Story: In an effort to keep one step ahead of the law, Jesse James (Reed Hadley) has been living a low profile existence, even using a false name to avoid suspicion. He is still involved in the crime racket of course, though his wife would prefer he leave his current associations behind. Robert Ford (John Ireland) has his own issues, as he has rekindled a romance from his youth, though Cynthy (Barbara Britton) wants him to turn straight and wants to find him a pardon. She is an actress who wants to be on a bigger stage and while she cares for Robert, he worries she will choose rival John Kelley (Preston Foster), which prompts a desperate decision. He learns that a pardon and a large cash reward await whoever brings Jesse James down, but could he live with himself if he killed his own friend?

Entertainment Value: This was the first feature directed by Samuel Fuller and while it might not be one of his best, it shows great potential and makes an interesting debut, to be sure. The narrative is a well known one, but I Shot Jesse James never feels like a retread in the least and instead, takes a personal, intimate approach to the storyline. The focus is on Robert Ford as he faces the consequences of his actions, which provides some interesting moments for us to watch, since he believes his choice was for the right reasons, even if it wasn’t an ethical decision. The inner conflict unfolds in believable, grounded ways, with the movie careful to not veer into over the top melodrama, so the atmosphere is authentic and it is easy to lose yourself in the experience.
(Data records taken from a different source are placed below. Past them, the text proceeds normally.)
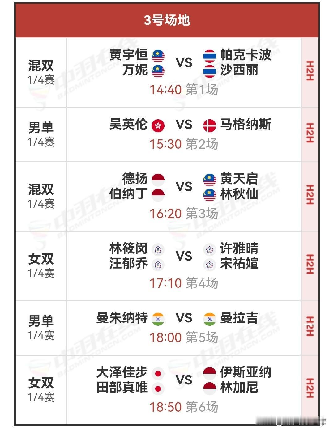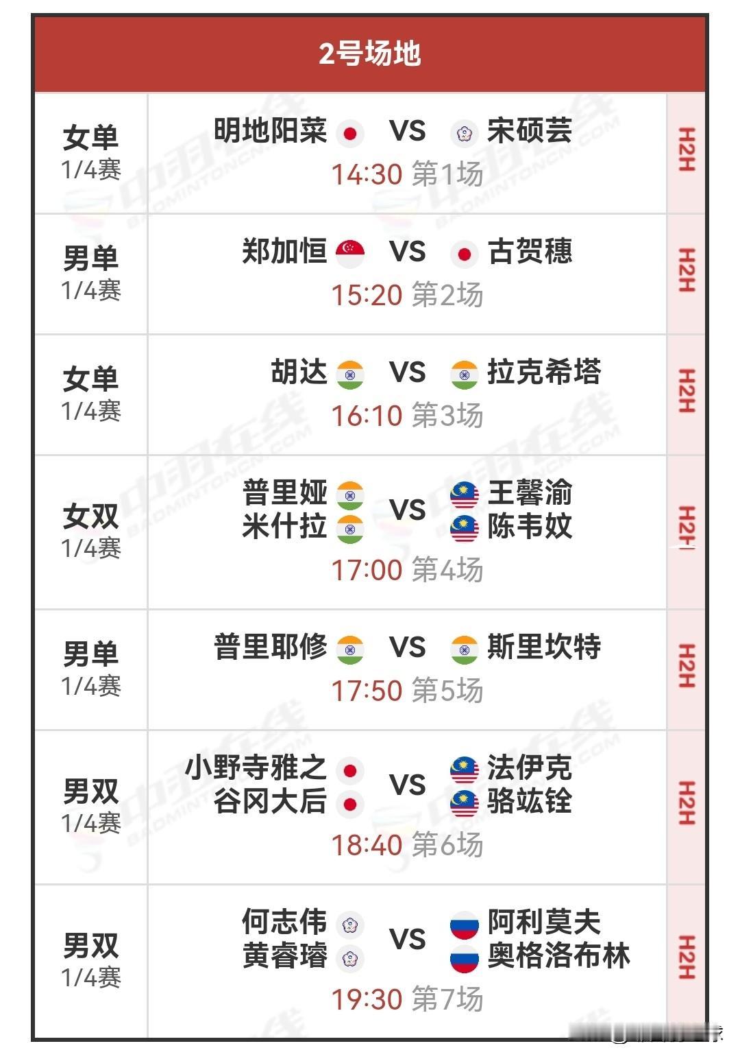 11月28日赛德莫迪羽毛球国际赛1/4决赛安排 今日赛事圆满收官。老将奥原希望在今日比赛中历经三局苦战,最终被东道主夏尔马逆转淘汰。这位曾经的世界排名第一如今风采不再,着实令人感叹“落魄的凤凰不如鸡”。 明日北京时间14:30,1/4决赛将拉开帷幕,届时共有三块场地同时进行比赛,详细对阵安排如下: 羽毛球赛事 羽毛球 羽毛球爱好者 羽毛球比赛 羽毛球赛程
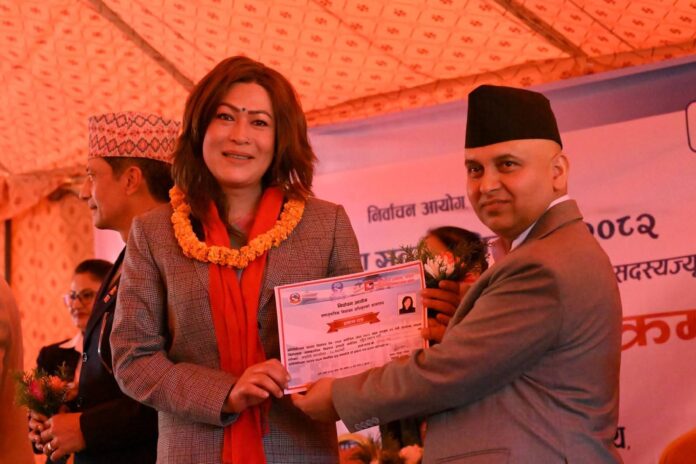 काठमाडौँ । राष्ट्रिय स्वतन्त्र पार्टी (रास्वपा) की भुमिका श्रेष्ठ प्रतिनिधि सभा सदस्य (समानुपातिक) का रूपमा निर्वाचित भई निर्वाचन आयोगबाट प्रमाणपत्र ग्रहण गर्नुभएको छ। प्रमाणपत्र ग्रहण पश्चात उहाँले अत्यन्त गर्व र खुशी महसुस गरेको बताउनुभएको छ।
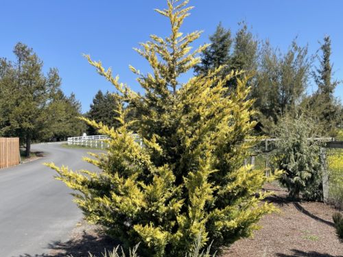 Cupressus nootkatensis 'Green Arrow' (Green Arrow Nootka cypress) in a garden in Northern California

The various ways his actions have impacted others is also explored, often in very direct ways and the writing handles those sequences well. I found this to be an engaging and always interesting picture, well worth a look.

The cast here is a talented ensemble, with John Ireland in the central role and he carries off the role very well. I appreciated how he was able to bring across subtle, controlled emotion in Ford, showing the inner conflict without being overly dramatic. The slow burn of his character’s arc plays out so well thanks to Ireland’s performance, turning up the heat at a consistent pace that feels realistic and with this kind of emotion involved, that’s no small task. As he crosses certain thresholds after certain encounters, you can see him slowly unwind Ford’s mind, especially in the bar scene with the traveling musician and his face off with Kelley. Ireland is terrific here and bounces off his costars with skill as well, with the cast overall bringing the best out in each other. Barbara Britton also has a memorable turn in this one, again showing just the right emotional evolution with her character. The cast also includes Preston Foster, Reed Hadley, and Victor Kilian.